**Records from a collection:**
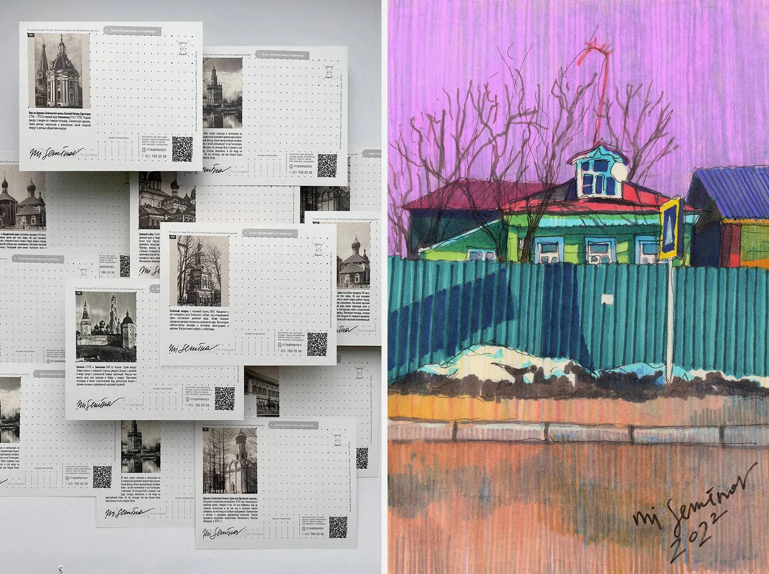 На лицевой стороне открыток представлены знаковые достопримечательности нашего региона, а на обратной стороне размещены подробные сведения о каждой из них, включая QR-код, который ведет к интересным историям. В настоящее время мои открытки доступны в местных магазинах и кафе. Более того, приятно осознавать, что другие художники вдохновились моим примером и начали создавать оригинальные сувениры, что способствует развитию культурного обмена и поддерживает местное искусство.
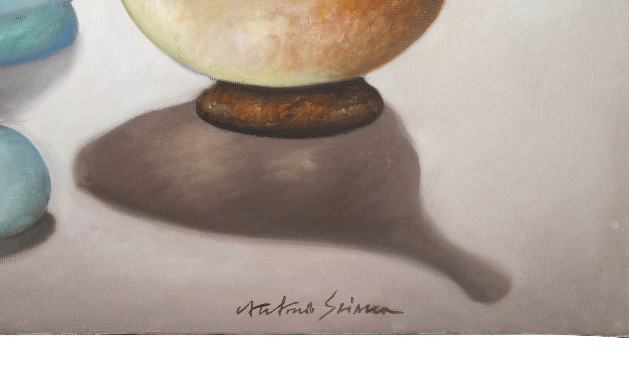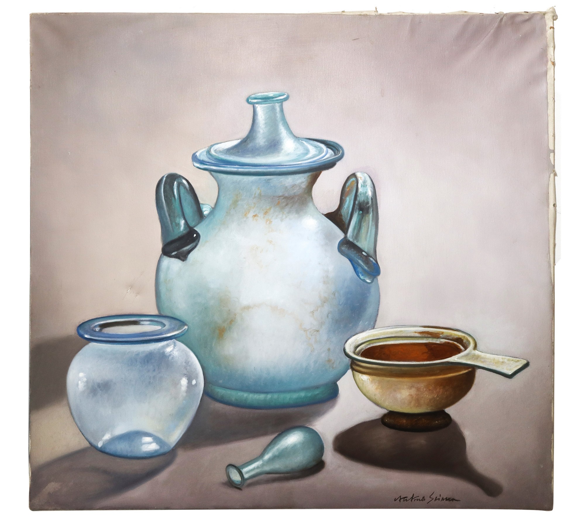 Antonio Sciacca (Catania 1957) - Natura morta di vetri, 1997 Cm 70x70 Dipinto a olio su tela Firmata in basso a destra e sul retro. Recante dicitura "Appartenente al movimento del Metropolismo". Opera sprovvista di cornice.
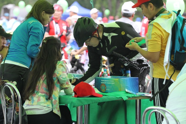 Сбор участников начался в 8 утра, и, несмотря на раннее утро выходного дня, количество участников велопробега было впечатляющим. На площади у «Салтанат Сарайы» все желающие сначала прошли регистрацию. У каждого велосипедиста на груди был свой индивидуальный номер. Всего был зарегистрирован 1521 участник. Кроме того, все велолюбители могли внести свой вклад в развитие спорта среди людей с ограниченными возможностями — воспитанников спортивного клуба «Кайсар».
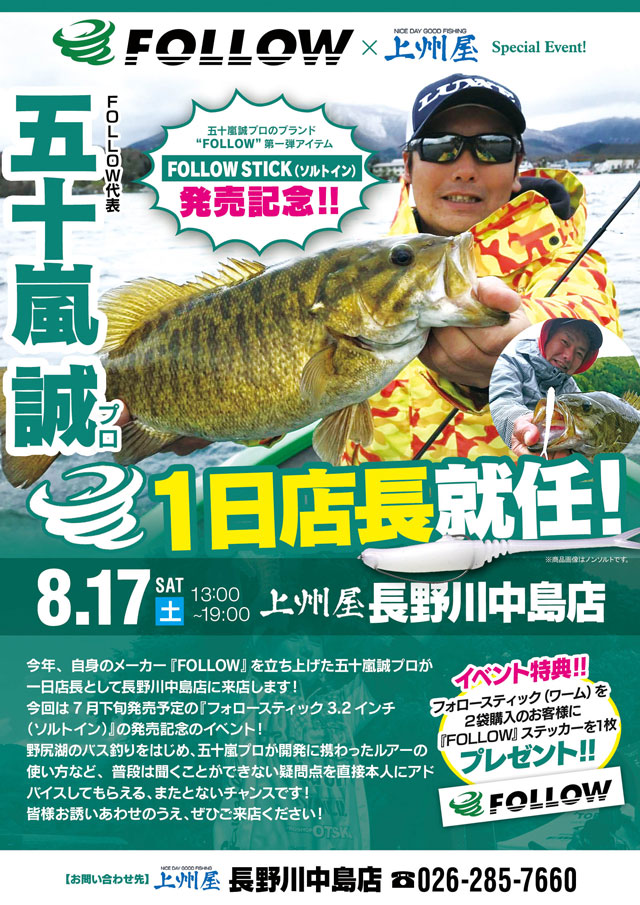 2019年8月17日(土)13:00~19:00(予定)、上州屋長野川中島店に野尻湖のスペシャリストにして、今年自身のメーカー「FOLLOW」を立ち上げた五十嵐誠プロが1日店長として来店します!野尻湖のバス釣りや、五十嵐プロが開発に携わったルアーの使い方など、普段は聞けない疑問点を直接聞けるまたとないチャンス!
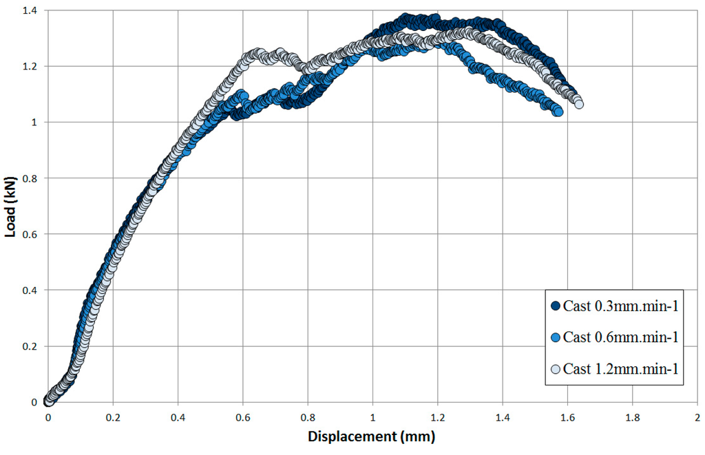 In order to determine whether the rate of displacement had an influence on the deformation behaviour of Ti-6Al-4V, a series of SP tensile tests were performed on the cast and HIP material under a variety of displacement rates. The CoP [16] recommends a displacement rate between 0.2 mm·min−1 and 2 mm·min−1 to ensure a level of consistency for data generation. As such, the displacement rates of 0.3 mm·min−1, 0.6 mm·min−1 and 1.2 mm·min−1 were employed for this research. Figure 10 illustrates that the rate of displacement appears to have minimal effect in the early stages of deformation. For each rate, the periods of initial indentation, yield front propagation and membrane stretching are highly comparable. However, as each test approaches the first load peak, a clear discrepancy in response develops as the test performed at the fastest rate (1.2 mm·min−1) achieves the highest load, thus giving the stiffest response, followed by the 0.6 mm·min−1 and 0.3 mm·min−1 tests respectively. These results are in agreement with the trends observed in more conventional mechanical test approaches where a series of uniaxial tensile tests on Ti-6Al-4V performed under different strain rates found that the yield stress and ultimate tensile strength (UTS) of the material increase with a faster strain rate [26]. After this load peak, the final stages of deformation are less uniform as each of the discs start to crack in a more uncontrolled nature until final rupture occurs.

**What needs to be done:** Above are the records. Copy only the lines from the one with "Сбор участников начался" through the one with "2019年8月17日(土)1", exactly, with no pictures.

**Written answer:**
 Сбор участников начался в 8 утра, и, несмотря на раннее утро выходного дня, количество участников велопробега было впечатляющим. На площади у «Салтанат Сарайы» все желающие сначала прошли регистрацию. У каждого велосипедиста на груди был свой индивидуальный номер. Всего был зарегистрирован 1521 участник. Кроме того, все велолюбители могли внести свой вклад в развитие спорта среди людей с ограниченными возможностями — воспитанников спортивного клуба «Кайсар».
 2019年8月17日(土)13:00~19:00(予定)、上州屋長野川中島店に野尻湖のスペシャリストにして、今年自身のメーカー「FOLLOW」を立ち上げた五十嵐誠プロが1日店長として来店します!野尻湖のバス釣りや、五十嵐プロが開発に携わったルアーの使い方など、普段は聞けない疑問点を直接聞けるまたとないチャンス!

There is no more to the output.